In Kid Cooperation, Elizabeth Pantley shares parenting skills that are LIFE CHANGING! I do not say that lightly! This book will change your life! The wonderful thing is that the skills outlined are easy to learn and implement, they actually WORK, and probably most importantly in my opinion, they are kind to and respectful of children. Elizabeth's style is very readable, positive and not at all preachy. She allows you to determine areas needing improvement in a way that leaves you feeling both hopeful and positive.
The first chapter comprises a quiz to determine your current discipline style. Are you permissive, democratic, balanced or autocratic? (I erred on the "too democratic" side!) The good news is that, whatever your current style, you CAN find help in this wonderful book.
The remaining chapters contain the gems of wisdom which fulfil the claims on the front cover! Chapter 2 teaches the keys to successful parenting - take charge; think; when you say it, mean it; use skill. Chapter 3 covers cooperation and how to achieve it in your home. Chapter 4 discusses punishment versus discipline. Chapter 5 teaches ways to build your child's self-esteem. Chapter 6 is all about sibling relationships. Chapter 7 deals with parent anger. Chapter 8 discusses ways to look after yourself and the relationship with your parenting partner. Chapter 9 consists of some common discipline questions with several suggestions on how to deal effectively with each. Each chapter ends with a very helpful "reminder page", which can be copied and placed in appropriate spots around the home. This really makes learning the new skills manageable!

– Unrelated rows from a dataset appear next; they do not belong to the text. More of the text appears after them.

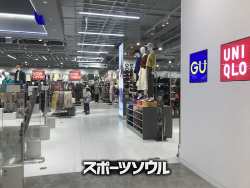 このGU店舗は、不買運動の影響で客足が遠のいた蚕室(チャムシル)1号店より、混み合っていた。店内にはユニクロの姉妹ブランドであることを知らせるように、ユニクロとGUが共同で企画した商品も提供されていた。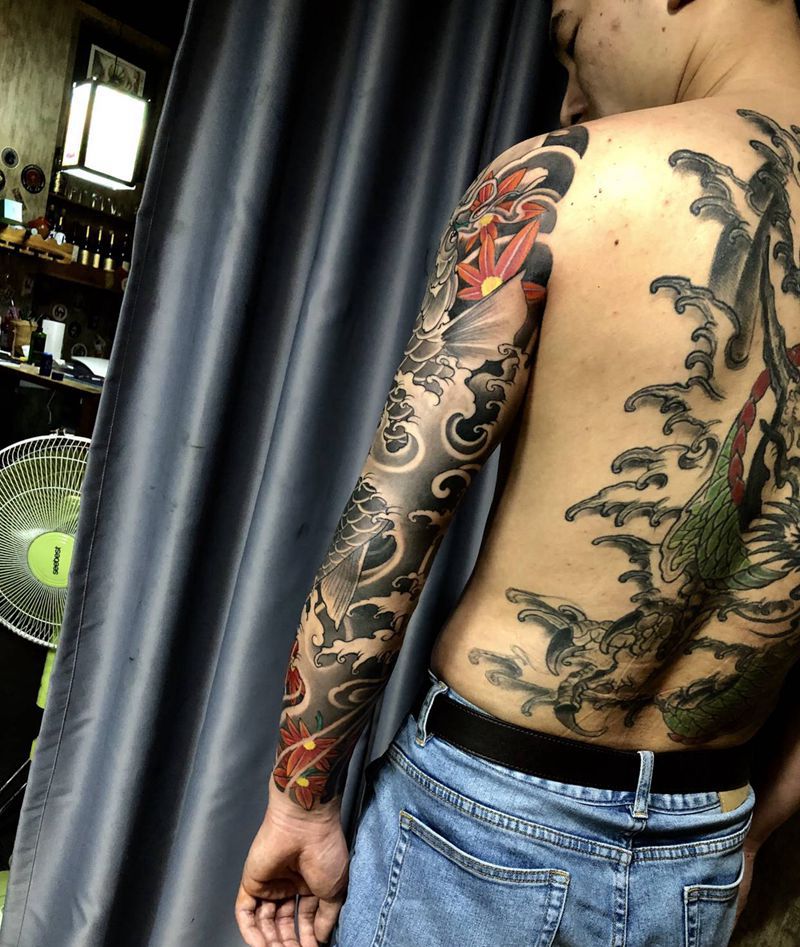 当前位置: 首页 >福建省福州市纹身店-刺古纹身会所纹身图案>鲤鱼花臂纹身图片_手臂新传统纹身图案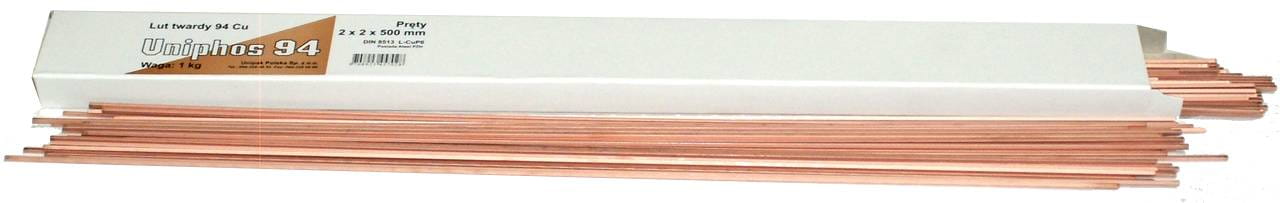 Lut twardy Uniphos S94 2x500mm Oferowane luty cechują się wysoką stabilnością termiczną i mogą być używane do lutowania większości medzianych instalacji do wody pitnej, CWU, CO, gazowych, chłodniczych, olejowych i tym podobnych. Do lutownia mosiądzu i brązu należy, razem z lutami twardymi, używać topnika UNISIL.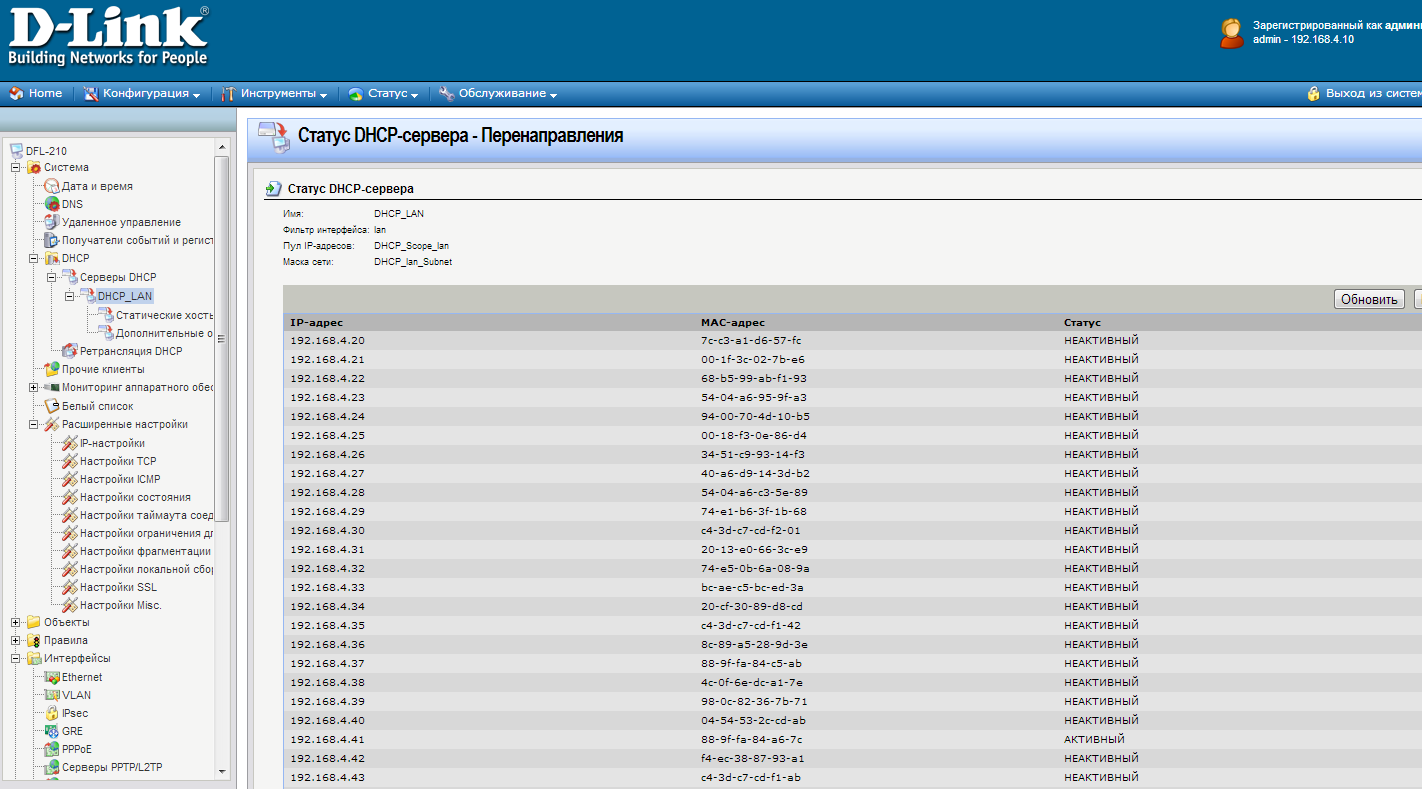 Заголовок сообщения: DFL 210 настройка аренды ip в DHCP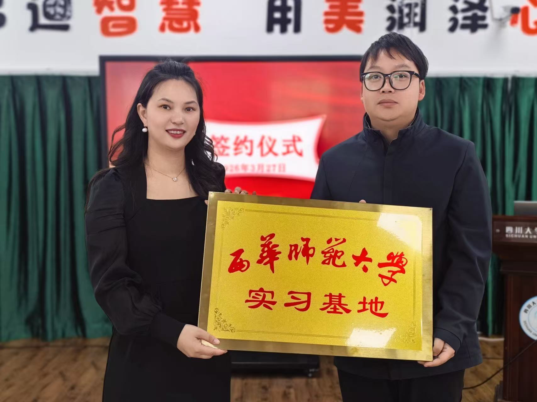 胡园长介绍幼儿园办园理念、师资队伍建设、课程特色及发展规划等基本情况,对西华师范大学的信任表示感谢,表明将深化双方合作,携手共育幼教英才。随后,双方代表共同签署合作协议并完成授牌。
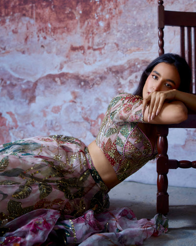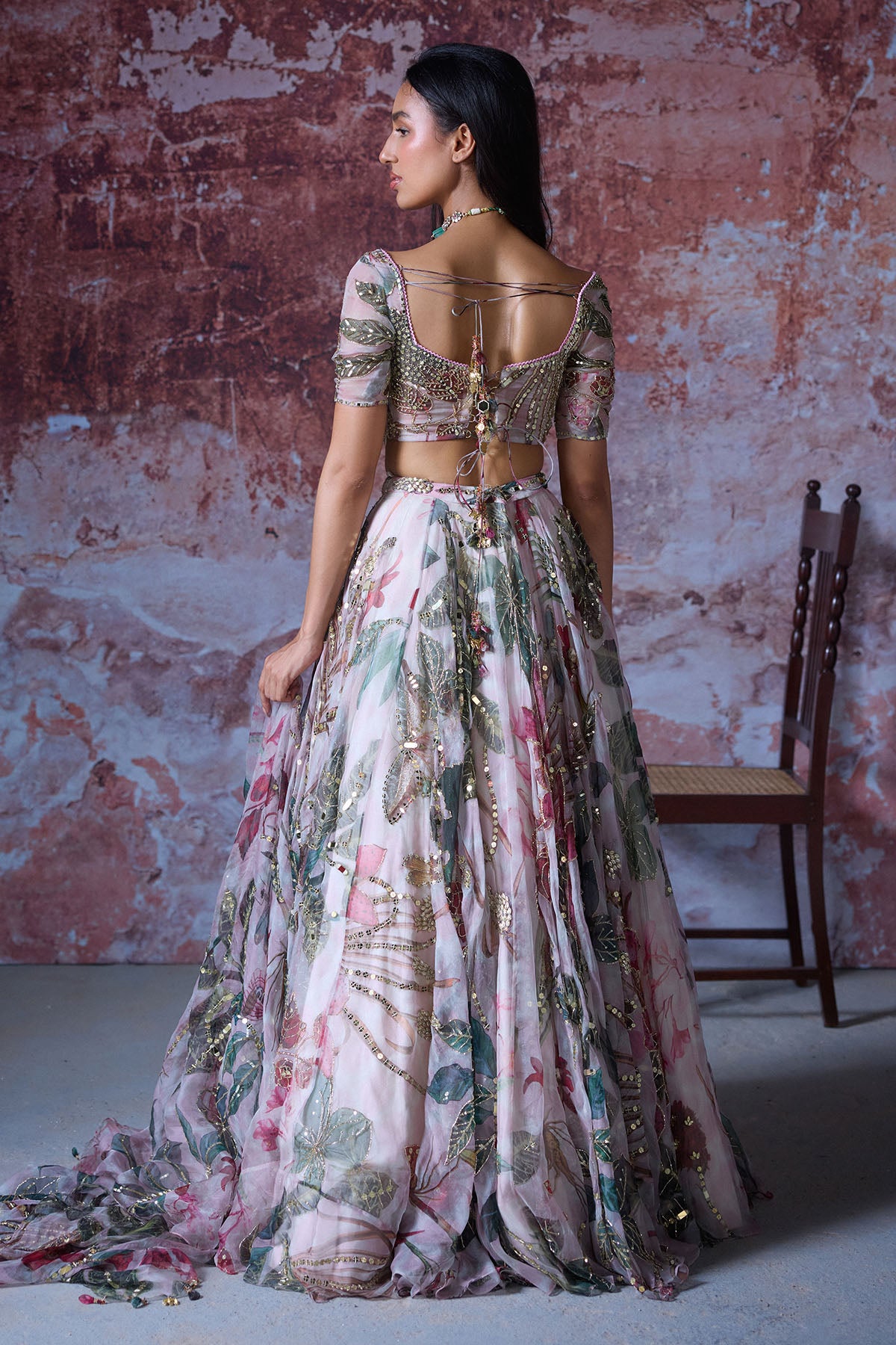 HAND EMBROIDERED LEHENGA WITH EMBROIDERED CORSET BLOUSE AND DUPATTA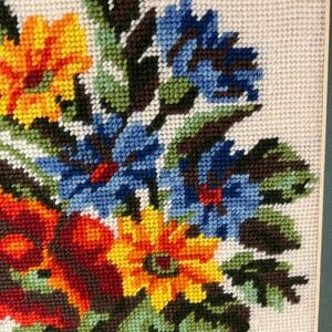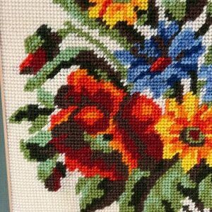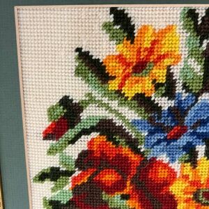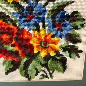 A simply beautiful and vibrant wool needlework in a gold tone custom frame. Ready to hang. Measures 11.5 inches square. From a smoke free home.

Throughout the book, examples of situations and dialogue (some from the author's own family experiences) make understanding easy. Many readers will see themselves and their kids in the examples (I know I did!) Elizabeth makes it simple to identify ineffective parenting AND to replace it with techniques that actually WORK. I have personally used many of the skills taught in this book with my own child and am thrilled to report the improvement in harmony in our household. Some examples which have been particularly useful to us are the "5-3-1-go" (when leaving a playground for example), making objects talk (great for things like teeth cleaning time!), and using happy faces and sad faces on a daily chart.
I thoroughly recommend this book! My ONLY complaint is that I didn't get it when my child was younger!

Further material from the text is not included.